Babası gibi kudretli bir hattat olan Sultan Abdülmecîd, Mustafa Râkım Efendi’nin izinden gitmiş olan babasının aksine, ömrü boyunca Mahmud Celâleddîn Efendi’nin üslûbuna bağlı kalmış ve bu vadide öylesine büyük bir mahâret ibrâz eylemişti ki, kendisine “Celâleddîn-i sâlis” nâmı dahi verilmişti. Öte yandan, saltanat sürmüş olduğu 22 yıl boyunca mute’ber kalan ve onun nazarında bir mevki elde etmek isteyen Kazasker Mustafa İzzet Efendi başta olmak üzere pek çok hattat tarafından takip edilen bu üslûp, onun ölümünden hemen sonra terkedilmiş ve Türk hat san‘atının farklı lezzetlerinden biri olarak tarih sahnesindeki yerini almıştır. Ancak bu durum ne Mahmud Celâleddîn Efendi’nin ve ne de halifeleri olan Mehmed Tâhir Efendi ile Sultan Abdülmecîd’in hat san‘atındaki mevki-i müstesnâsını sarsamaz.

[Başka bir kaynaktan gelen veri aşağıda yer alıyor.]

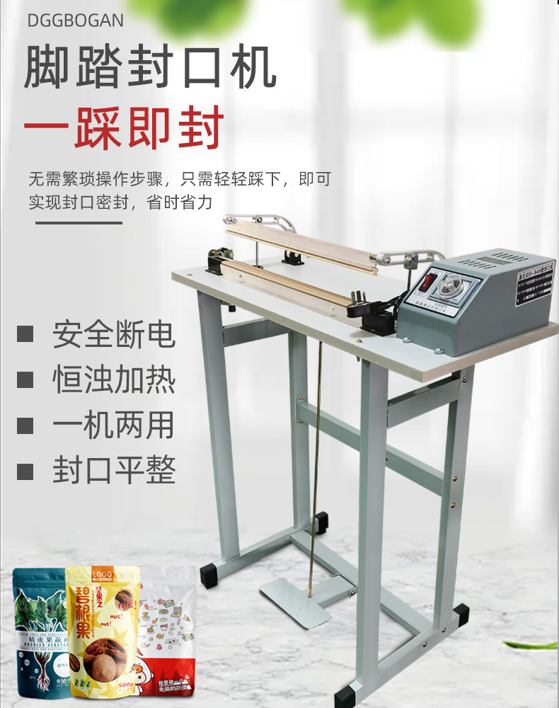 腳踏封口機是根據(jù)國內(nèi)外先進的機型基礎(chǔ)上,重新設(shè)計制造而成,適用于所有塑料袋薄膜封口及制袋,是食品廠,化妝品廠,藥廠等單位的理想封口設(shè)備。
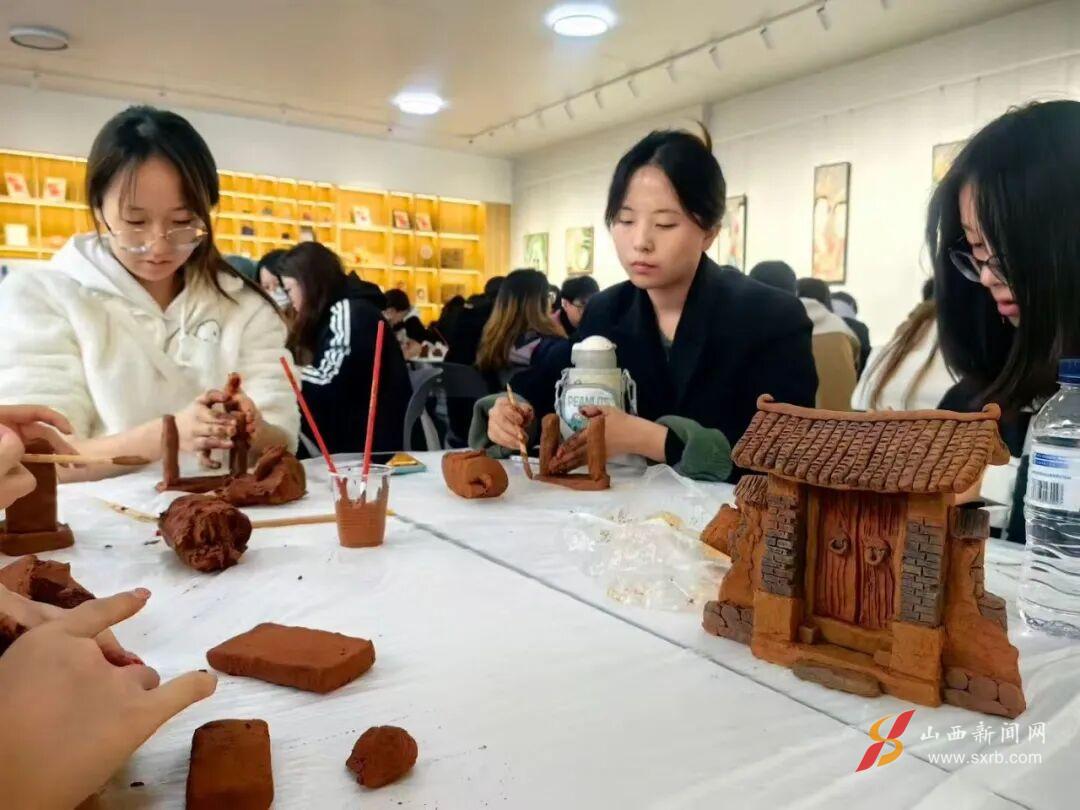 在非遗美学馆,贾银永现场演示“老院门”泥塑的制作过程。从揉泥、塑形到纹理雕刻,同学们跟随指导,将粗糙的陶土渐渐捏出形态。泥土在指尖翻转、成型,拙朴中透出灵性,传统技艺也在这一刻“活”了过来。

Müzelerde ve özel koleksiyonlarda müte’addid kıta’ât ve elvâh-ı şerîfesine tesâdüf edilen Sultan Abdülmecîd, Yakacık Cami ile Ortaköy ve Dolmabahçe’de nâmına izâfetle inşâ edilen camilerdeki İsm-i Celâl, İsm-i Nebî ve çehâr-ı yâr-ı güzîn hazerâtının esâmîsi ile Hasaneyn levhâlarını da kaleme almıştır. Ayrıca Kılıç Alî Paşa ve Teşvîkiye camilerinde celî sülüs levhâları, kendi türbesinde de sülüs ve nesih hatla yazdığı hilye-i sa’adeti vardır(Env. no: 33) Topkapı Sarayı Müzesi Kütüphanesi’nde de Hırka-i Sa’adet Dâ’iresine vakfedilmiş tarihsiz bir Amme cüzü bulunmaktadır(HS. 156)

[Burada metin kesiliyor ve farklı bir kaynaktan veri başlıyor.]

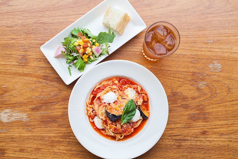 B. 水牛モッツァレラと茄子のトマトソースタリアテッレ – ¥1,400

İbnü’l-Emin Mahmud Kemal İnal, Son Hattatlar İbnülemin Mahmud Kemal İnal
Te’essüf olunur ki, o zeki ve gafâr pâdîşâh, ayş ü işret ve şehevât-ı nefsâniyyeye mağlûbiyyet ile hayatını tamamladı. Henüz kırk yaşına gelmeden 17 Zi’l-hicce 1277[25 Haziran 1861]’de göçdü.
...
Çocuk denilecek bir yaşda cülûs etdiğinden etrafını çeviren câhil ve su’i-ef’ale mâ’il şahısların te’siri altında kalmayub da ilmî ve ahlâkî terbiyye görseydi – fetânetkâr ve tâli-i yâr olduğundan – hem nefsine, hem de devlet ve millete yararlı bir şehriyâr-ı âli-tebâr olurdu.
...
Hâkkâkzâde Mustafa Hilmî kalemi ile yazılmış ve Millet Kütübhânesi’nde mahfûz kitabda Tâhir Efendi’ye “Celâleddîn-i sânî” ve Abdülmecid’e de “Celâleddîn-i sâlis” nâmı verilmişdir. Rık’ayı hangi zâtdan meşk etdiği ma’lûm değildir.